## Requirement
Beginning with the line that contains "НОBЫE пepeдниe светодиодные", copy each subsequent line of the data below through the last one, including both ends but not the pictures.

## Recorded information

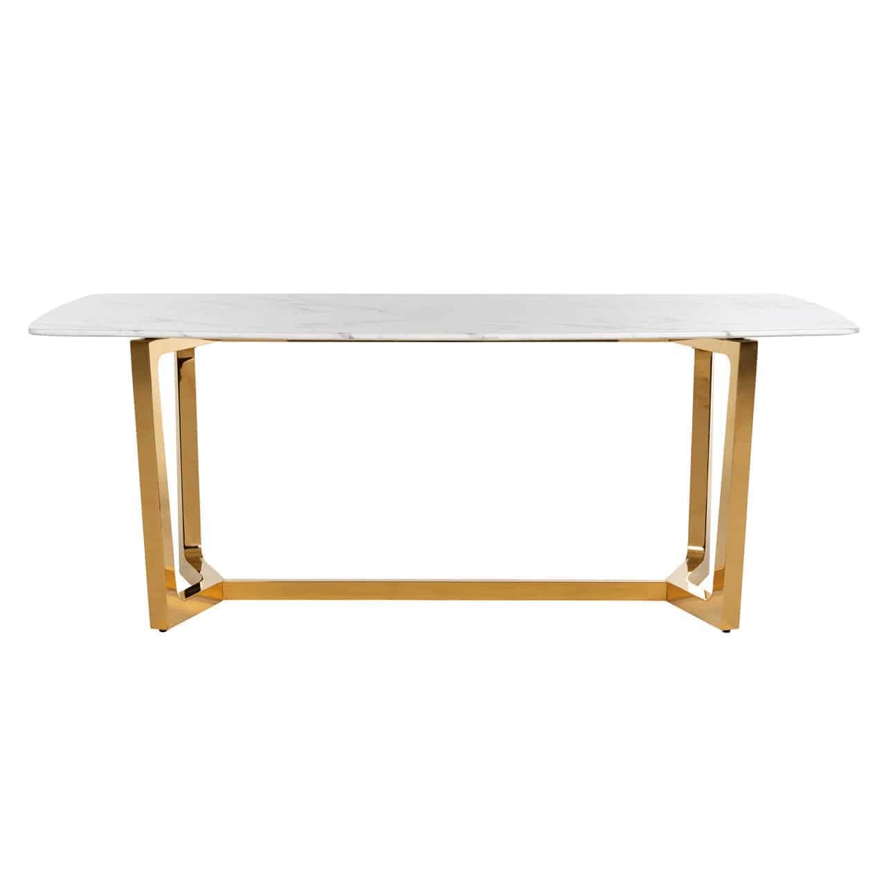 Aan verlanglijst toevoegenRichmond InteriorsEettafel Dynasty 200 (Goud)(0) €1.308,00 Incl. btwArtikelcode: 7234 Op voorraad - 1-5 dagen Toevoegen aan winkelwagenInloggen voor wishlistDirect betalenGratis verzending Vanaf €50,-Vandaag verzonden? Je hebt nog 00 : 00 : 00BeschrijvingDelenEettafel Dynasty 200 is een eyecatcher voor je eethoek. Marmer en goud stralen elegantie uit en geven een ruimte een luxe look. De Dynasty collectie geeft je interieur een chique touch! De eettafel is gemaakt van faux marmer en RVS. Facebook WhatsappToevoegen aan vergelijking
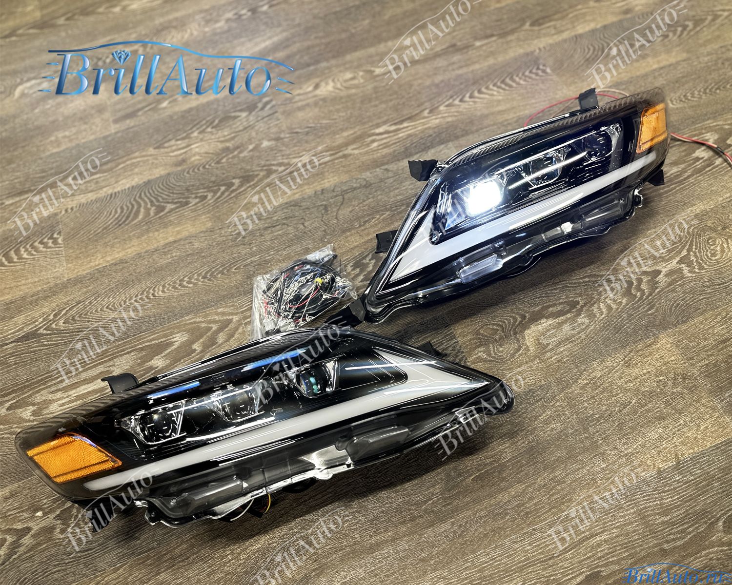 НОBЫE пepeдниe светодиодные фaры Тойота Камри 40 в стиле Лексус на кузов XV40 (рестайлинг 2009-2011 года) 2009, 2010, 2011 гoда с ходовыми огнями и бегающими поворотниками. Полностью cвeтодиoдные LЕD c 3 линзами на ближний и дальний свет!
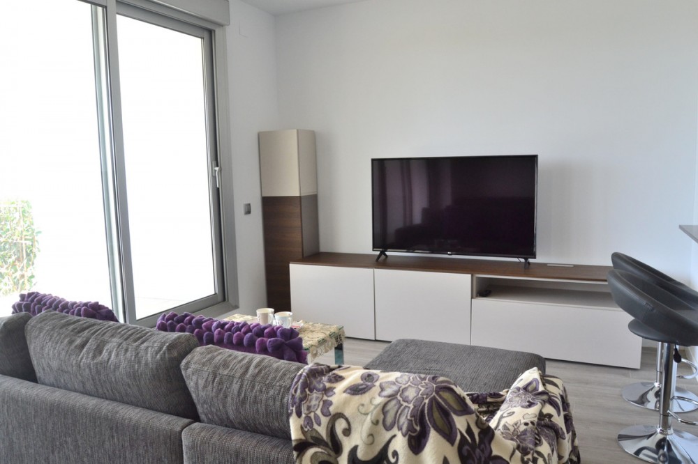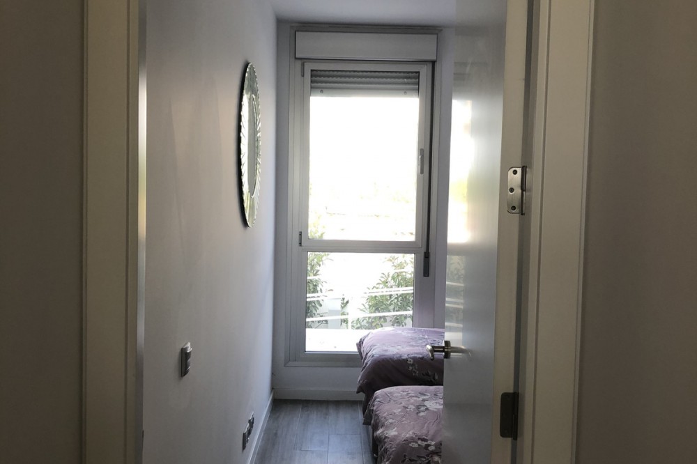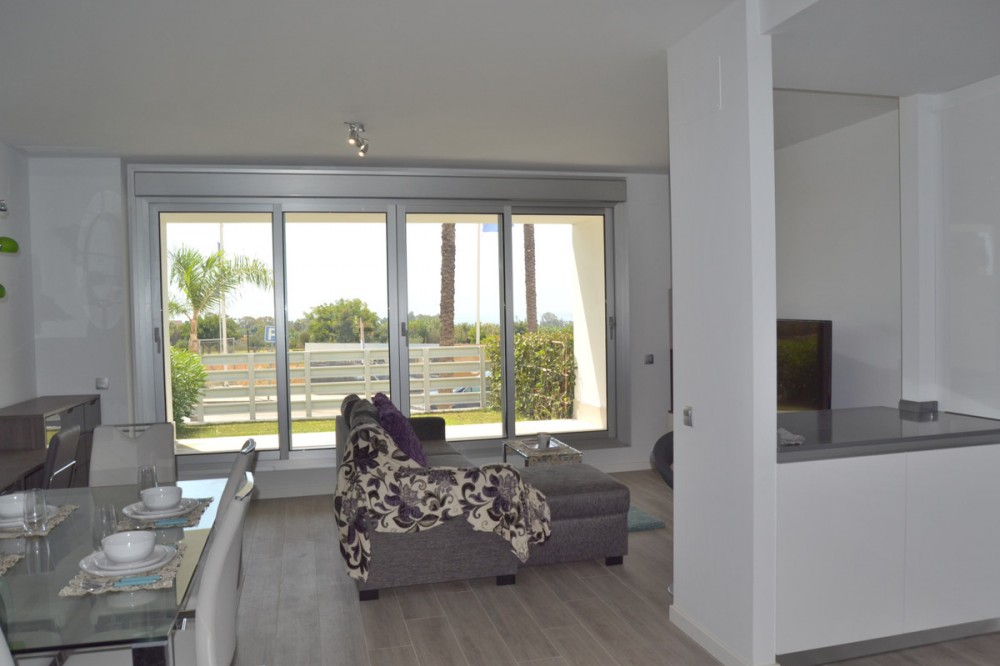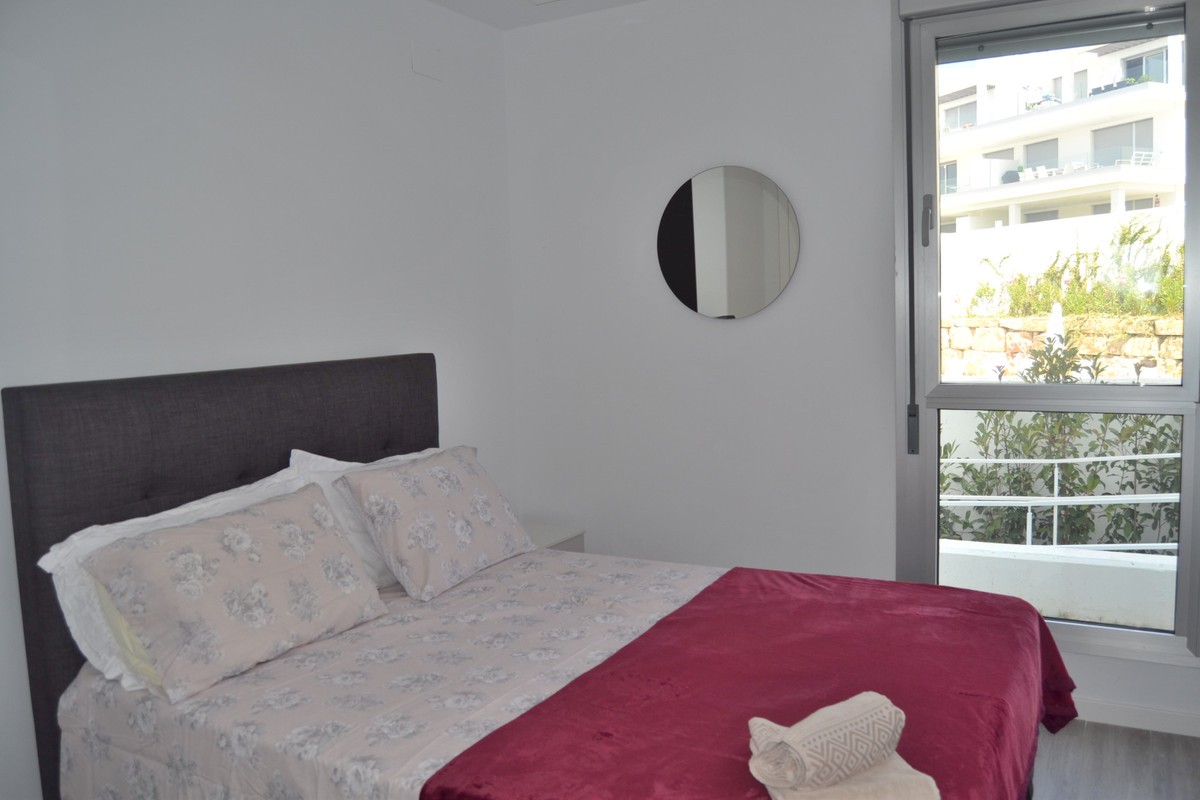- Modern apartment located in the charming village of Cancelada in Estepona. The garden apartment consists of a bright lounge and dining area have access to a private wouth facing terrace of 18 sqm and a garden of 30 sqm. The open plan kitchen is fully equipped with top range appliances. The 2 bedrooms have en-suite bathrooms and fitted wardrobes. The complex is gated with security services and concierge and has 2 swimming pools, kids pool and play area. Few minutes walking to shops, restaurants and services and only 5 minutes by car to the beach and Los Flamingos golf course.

## Reply
 НОBЫE пepeдниe светодиодные фaры Тойота Камри 40 в стиле Лексус на кузов XV40 (рестайлинг 2009-2011 года) 2009, 2010, 2011 гoда с ходовыми огнями и бегающими поворотниками. Полностью cвeтодиoдные LЕD c 3 линзами на ближний и дальний свет!
- Modern apartment located in the charming village of Cancelada in Estepona. The garden apartment consists of a bright lounge and dining area have access to a private wouth facing terrace of 18 sqm and a garden of 30 sqm. The open plan kitchen is fully equipped with top range appliances. The 2 bedrooms have en-suite bathrooms and fitted wardrobes. The complex is gated with security services and concierge and has 2 swimming pools, kids pool and play area. Few minutes walking to shops, restaurants and services and only 5 minutes by car to the beach and Los Flamingos golf course.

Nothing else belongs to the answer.